◆ **Instructions to follow**
Take the listing below and print exactly the lines starting at the line containing "This interesting bird" and ending at the line containing "Gilet mi long", both ends included, and no others.

□ □ □ □ □ □ □

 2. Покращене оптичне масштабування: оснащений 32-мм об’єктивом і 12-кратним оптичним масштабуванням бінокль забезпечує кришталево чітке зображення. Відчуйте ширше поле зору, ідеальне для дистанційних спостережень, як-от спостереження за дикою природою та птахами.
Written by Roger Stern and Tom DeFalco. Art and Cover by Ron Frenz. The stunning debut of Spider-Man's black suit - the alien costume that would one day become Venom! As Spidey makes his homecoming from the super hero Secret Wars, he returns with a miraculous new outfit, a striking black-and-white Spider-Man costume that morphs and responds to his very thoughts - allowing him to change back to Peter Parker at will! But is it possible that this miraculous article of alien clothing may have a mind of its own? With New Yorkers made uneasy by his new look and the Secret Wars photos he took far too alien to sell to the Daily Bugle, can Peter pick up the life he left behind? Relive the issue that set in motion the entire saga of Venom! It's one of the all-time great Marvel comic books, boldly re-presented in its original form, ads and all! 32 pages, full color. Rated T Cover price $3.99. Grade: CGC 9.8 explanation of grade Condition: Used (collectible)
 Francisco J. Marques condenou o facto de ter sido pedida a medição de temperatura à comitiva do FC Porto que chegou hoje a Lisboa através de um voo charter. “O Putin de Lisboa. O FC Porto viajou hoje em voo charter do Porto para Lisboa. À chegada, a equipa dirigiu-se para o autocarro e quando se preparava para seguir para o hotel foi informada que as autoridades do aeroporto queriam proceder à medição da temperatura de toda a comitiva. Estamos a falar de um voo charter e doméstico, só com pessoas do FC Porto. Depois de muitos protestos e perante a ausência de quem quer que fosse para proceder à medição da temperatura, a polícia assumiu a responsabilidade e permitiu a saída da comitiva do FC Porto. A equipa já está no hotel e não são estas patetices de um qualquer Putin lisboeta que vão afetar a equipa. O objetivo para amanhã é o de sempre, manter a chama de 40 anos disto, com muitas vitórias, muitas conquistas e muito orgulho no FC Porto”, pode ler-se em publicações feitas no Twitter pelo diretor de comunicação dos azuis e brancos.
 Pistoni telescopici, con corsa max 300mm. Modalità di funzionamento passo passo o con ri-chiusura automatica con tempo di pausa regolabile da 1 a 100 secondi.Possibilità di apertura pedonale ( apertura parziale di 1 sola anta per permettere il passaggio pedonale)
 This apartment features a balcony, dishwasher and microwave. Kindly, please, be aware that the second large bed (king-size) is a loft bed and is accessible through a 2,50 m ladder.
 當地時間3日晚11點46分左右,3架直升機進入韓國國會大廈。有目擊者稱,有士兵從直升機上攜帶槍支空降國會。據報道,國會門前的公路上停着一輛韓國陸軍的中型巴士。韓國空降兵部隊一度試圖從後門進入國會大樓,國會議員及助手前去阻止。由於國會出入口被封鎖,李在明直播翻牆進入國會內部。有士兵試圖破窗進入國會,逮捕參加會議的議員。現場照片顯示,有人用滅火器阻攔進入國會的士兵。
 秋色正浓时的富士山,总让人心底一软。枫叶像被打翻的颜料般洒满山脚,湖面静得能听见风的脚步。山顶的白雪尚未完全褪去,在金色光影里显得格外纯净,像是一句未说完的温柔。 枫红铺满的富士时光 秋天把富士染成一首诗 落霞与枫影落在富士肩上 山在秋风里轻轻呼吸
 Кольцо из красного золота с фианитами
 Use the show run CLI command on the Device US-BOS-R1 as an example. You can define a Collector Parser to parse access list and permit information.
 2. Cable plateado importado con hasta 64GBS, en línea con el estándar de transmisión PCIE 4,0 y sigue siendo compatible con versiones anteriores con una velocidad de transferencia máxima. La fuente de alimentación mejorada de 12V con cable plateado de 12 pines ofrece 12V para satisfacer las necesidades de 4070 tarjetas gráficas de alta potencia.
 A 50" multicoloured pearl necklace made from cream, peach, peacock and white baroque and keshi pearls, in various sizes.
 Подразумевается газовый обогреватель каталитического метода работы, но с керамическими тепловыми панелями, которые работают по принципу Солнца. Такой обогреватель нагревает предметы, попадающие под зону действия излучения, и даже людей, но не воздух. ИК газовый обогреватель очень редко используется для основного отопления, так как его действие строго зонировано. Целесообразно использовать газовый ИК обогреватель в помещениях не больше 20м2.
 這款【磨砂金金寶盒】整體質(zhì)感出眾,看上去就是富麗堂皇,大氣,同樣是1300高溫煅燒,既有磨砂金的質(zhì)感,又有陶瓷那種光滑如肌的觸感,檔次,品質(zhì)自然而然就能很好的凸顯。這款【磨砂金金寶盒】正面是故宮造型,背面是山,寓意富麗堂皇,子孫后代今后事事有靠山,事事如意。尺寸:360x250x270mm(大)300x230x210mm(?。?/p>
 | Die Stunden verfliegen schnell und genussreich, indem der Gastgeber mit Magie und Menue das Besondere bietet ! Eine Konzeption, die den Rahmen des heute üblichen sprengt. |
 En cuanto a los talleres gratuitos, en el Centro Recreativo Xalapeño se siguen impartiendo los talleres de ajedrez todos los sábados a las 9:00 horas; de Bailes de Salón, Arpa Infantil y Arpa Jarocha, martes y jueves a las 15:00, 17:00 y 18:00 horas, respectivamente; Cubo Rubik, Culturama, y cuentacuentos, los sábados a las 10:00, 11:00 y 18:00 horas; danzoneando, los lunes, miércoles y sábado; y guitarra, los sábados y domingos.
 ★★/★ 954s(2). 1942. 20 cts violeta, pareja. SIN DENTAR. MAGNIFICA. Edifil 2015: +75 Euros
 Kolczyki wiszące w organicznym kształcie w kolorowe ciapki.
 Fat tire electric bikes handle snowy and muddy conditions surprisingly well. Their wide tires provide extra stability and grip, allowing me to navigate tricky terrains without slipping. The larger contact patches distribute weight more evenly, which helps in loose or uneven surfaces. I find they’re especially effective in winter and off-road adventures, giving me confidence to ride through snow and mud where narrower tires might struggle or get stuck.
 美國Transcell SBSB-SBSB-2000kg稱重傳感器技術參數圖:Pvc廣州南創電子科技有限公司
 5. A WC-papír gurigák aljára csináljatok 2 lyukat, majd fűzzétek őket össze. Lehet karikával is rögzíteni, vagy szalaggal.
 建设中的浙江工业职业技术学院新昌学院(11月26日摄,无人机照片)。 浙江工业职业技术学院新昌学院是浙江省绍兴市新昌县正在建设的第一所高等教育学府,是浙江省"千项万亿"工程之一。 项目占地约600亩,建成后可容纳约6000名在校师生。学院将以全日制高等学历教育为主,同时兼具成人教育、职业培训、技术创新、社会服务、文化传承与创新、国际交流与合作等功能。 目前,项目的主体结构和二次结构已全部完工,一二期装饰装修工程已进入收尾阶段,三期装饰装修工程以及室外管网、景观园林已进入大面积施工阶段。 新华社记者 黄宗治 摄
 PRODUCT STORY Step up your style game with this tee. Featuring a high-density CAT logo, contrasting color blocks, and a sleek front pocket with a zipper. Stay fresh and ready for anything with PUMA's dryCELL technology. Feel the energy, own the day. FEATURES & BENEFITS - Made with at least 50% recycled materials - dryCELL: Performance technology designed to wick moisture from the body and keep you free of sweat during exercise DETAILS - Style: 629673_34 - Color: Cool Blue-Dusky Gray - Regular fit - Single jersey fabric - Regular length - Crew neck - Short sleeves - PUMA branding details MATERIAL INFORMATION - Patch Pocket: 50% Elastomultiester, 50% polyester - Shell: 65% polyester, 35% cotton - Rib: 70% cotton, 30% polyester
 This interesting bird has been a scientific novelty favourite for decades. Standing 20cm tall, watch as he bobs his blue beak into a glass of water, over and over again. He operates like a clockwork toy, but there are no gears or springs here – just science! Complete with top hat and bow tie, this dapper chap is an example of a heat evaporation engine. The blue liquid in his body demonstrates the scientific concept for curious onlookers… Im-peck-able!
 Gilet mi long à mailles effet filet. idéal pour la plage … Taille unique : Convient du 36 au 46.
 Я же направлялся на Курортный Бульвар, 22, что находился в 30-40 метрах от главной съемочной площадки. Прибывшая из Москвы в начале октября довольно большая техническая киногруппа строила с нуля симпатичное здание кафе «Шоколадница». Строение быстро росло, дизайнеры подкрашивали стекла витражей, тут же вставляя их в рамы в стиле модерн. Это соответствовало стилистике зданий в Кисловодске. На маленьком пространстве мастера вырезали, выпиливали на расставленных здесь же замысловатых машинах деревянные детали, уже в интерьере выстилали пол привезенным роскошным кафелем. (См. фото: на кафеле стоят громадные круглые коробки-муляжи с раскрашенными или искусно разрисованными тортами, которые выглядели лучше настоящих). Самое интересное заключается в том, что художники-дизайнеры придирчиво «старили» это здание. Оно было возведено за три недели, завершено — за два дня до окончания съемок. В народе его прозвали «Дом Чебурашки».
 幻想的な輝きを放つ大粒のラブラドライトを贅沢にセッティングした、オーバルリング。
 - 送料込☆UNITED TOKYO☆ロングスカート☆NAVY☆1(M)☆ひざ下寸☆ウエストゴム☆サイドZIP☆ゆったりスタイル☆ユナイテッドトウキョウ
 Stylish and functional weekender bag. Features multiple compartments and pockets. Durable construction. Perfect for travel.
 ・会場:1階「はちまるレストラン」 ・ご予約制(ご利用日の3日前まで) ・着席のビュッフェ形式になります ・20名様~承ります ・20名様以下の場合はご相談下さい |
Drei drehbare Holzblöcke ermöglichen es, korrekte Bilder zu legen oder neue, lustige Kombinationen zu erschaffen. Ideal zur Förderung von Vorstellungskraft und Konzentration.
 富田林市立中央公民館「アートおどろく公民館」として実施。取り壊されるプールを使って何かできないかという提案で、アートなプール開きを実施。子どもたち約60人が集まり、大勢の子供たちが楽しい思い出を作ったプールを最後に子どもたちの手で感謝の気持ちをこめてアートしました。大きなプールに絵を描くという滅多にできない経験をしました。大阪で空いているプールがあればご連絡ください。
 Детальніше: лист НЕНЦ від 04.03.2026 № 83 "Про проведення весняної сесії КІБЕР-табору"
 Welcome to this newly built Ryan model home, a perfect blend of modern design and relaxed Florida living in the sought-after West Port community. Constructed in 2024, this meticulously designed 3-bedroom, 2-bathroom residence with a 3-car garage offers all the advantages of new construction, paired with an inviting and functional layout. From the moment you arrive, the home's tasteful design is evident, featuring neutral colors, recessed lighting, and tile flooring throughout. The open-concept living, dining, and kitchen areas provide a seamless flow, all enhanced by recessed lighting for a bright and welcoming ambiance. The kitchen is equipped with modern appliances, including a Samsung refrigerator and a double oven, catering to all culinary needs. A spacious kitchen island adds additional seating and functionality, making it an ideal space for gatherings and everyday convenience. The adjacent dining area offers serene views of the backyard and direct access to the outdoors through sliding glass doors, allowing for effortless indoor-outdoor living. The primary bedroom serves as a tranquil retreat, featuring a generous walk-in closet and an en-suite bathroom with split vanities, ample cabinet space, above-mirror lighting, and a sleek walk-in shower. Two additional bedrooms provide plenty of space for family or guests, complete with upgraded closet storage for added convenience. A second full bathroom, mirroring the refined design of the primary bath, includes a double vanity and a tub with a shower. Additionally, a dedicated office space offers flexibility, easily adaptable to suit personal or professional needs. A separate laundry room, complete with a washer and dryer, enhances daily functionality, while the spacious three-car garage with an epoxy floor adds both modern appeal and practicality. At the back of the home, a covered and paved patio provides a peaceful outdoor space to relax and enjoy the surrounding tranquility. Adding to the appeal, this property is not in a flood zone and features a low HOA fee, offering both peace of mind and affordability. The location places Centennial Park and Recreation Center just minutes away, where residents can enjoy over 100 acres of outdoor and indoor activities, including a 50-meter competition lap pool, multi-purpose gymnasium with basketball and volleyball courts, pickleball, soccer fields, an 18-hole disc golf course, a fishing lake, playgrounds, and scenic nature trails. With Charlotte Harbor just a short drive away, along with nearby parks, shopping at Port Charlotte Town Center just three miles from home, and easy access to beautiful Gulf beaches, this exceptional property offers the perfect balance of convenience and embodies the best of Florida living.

□ □ □ □ □ □ □

◆ **Result of the task**
 This interesting bird has been a scientific novelty favourite for decades. Standing 20cm tall, watch as he bobs his blue beak into a glass of water, over and over again. He operates like a clockwork toy, but there are no gears or springs here – just science! Complete with top hat and bow tie, this dapper chap is an example of a heat evaporation engine. The blue liquid in his body demonstrates the scientific concept for curious onlookers… Im-peck-able!
 Gilet mi long à mailles effet filet. idéal pour la plage … Taille unique : Convient du 36 au 46.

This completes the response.